Elite swimmers don't just shave; they often use a razor across their entire body multiple times to ensure every dead cell is gone. The result is skin that's essentially polished. Combined with hypersensitivity, the effect on race-day perception is dramatic.
The Psychological Edge
Here's the part most articles skip: shaving is ritual. It's the line between training and racing. When a competitive swimmer shaves down before a meet, they're telling their nervous system that something important is about to happen. The body responds.
This ritualised preparation activates focus, taper energy, and competitive intent. It's the same reason boxers warm up the same way before every fight, or marathon runners lay out their kit the night before. The behaviour itself becomes a trigger for peak performance state.
For elite swimmers, shaving is also social. Teammates often shave each other in pre-meet rituals that build camaraderie and shared purpose. The act bonds the team and signals that race day is here.
Why Many Swimmers Don't Shave Year-Round
Here's the trick: the hypersensitivity effect wears off after a few days. Skin regrows fast. So elite swimmers don't shave every day — they shave for specific events, then let the hair regrow during normal training.
If you shaved every week, the novelty would vanish and the psychological and tactile boost with it. By only shaving for major competitions, swimmers preserve the effect for when it matters most.
This is also why amateur triathletes who shave for every weekly training session often report no benefit. They've burned out the response. The bump comes from the contrast — hairy normal training, shaved race day.
The Open Water and Triathlon Question
For pool swimmers, the case is clear. For open water swimmers and triathletes, things get more complicated.
Open water swimmers often wear wetsuits, which entirely eliminate the drag and sensitivity arguments — the suit covers everything. In that case, shaving is purely about ritual and the small bonus of feeling water on exposed hands, face, and forearms.
For triathletes, leg shaving has the secondary benefit of easier wetsuit removal in transition. Hairy legs grip the neoprene. Smooth legs let it slide off faster — and in a sprint triathlon, even a few seconds saved in transition matters.
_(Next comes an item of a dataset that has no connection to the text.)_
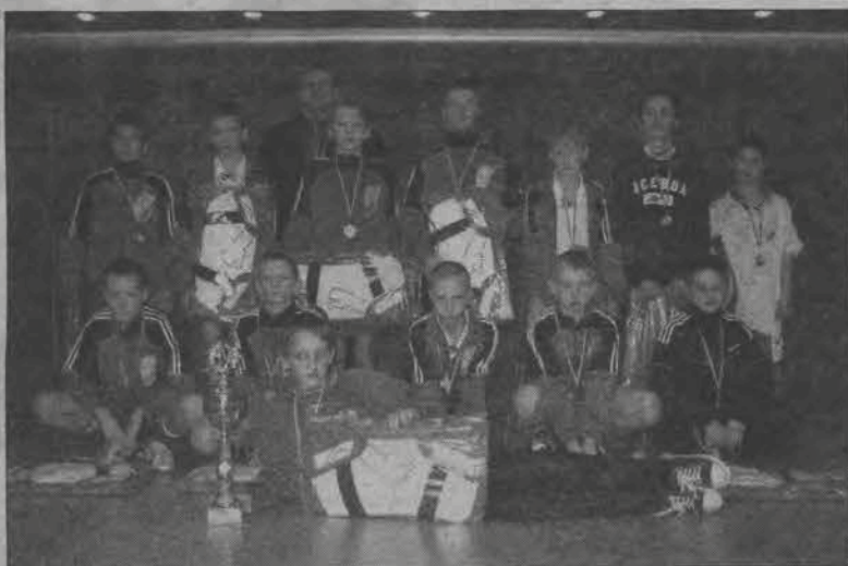
Młodzi piłkarze Pelikana zdecydowanie zwyciężyli w turnieju w Skierniewicach.

If you're a triathlete trying shaving for the first time, do it 24-48 hours before race day, not the morning of. Shaved skin combined with wetsuit chafing during the swim can cause genuine irritation if you do it too close to start time. Give your skin a day to settle.
What About Women Swimmers?
Female competitive swimmers have always shaved legs and underarms as standard. The interesting development is that many also shave arms, backs, and any exposed body area for major meets — exactly like male swimmers. The reasons are identical: tactile feedback, ritual, and trace drag reduction. Performance is performance, and the science doesn't change based on gender.
Practical Advice for Amateur Triathletes
If you're considering shaving for an upcoming race, here's how to think about it:
For sprint and Olympic triathletes, the time savings are minimal compared to the chafing risk. Most amateurs are better off not bothering. But for athletes targeting a personal best or a qualifying time, the psychological edge of feeling fast and prepared can absolutely make a difference. Try it once before a goal race, see how you respond, and decide for next year.
Don't shave for an A-race for the first time on race day. Test it in a B-race first. Some people get razor burn, ingrown hairs, or general skin irritation. You don't want surprises during your goal event.
The Takeaway
Swimmers don't shave because it makes them dramatically faster through reduced drag. They shave because it amplifies water sensitivity, exfoliates dead skin, creates pre-race ritual, and signals competitive intent. The effect is real but mostly psychological and sensory — and it works precisely because it isn't done every day.
If you've watched elite swimmers wonder why they go through this elaborate routine, now you know. It's not vanity. It's not superstition. It's a carefully timed, evidence-informed performance tool that costs nothing but a razor and twenty minutes the night before a race.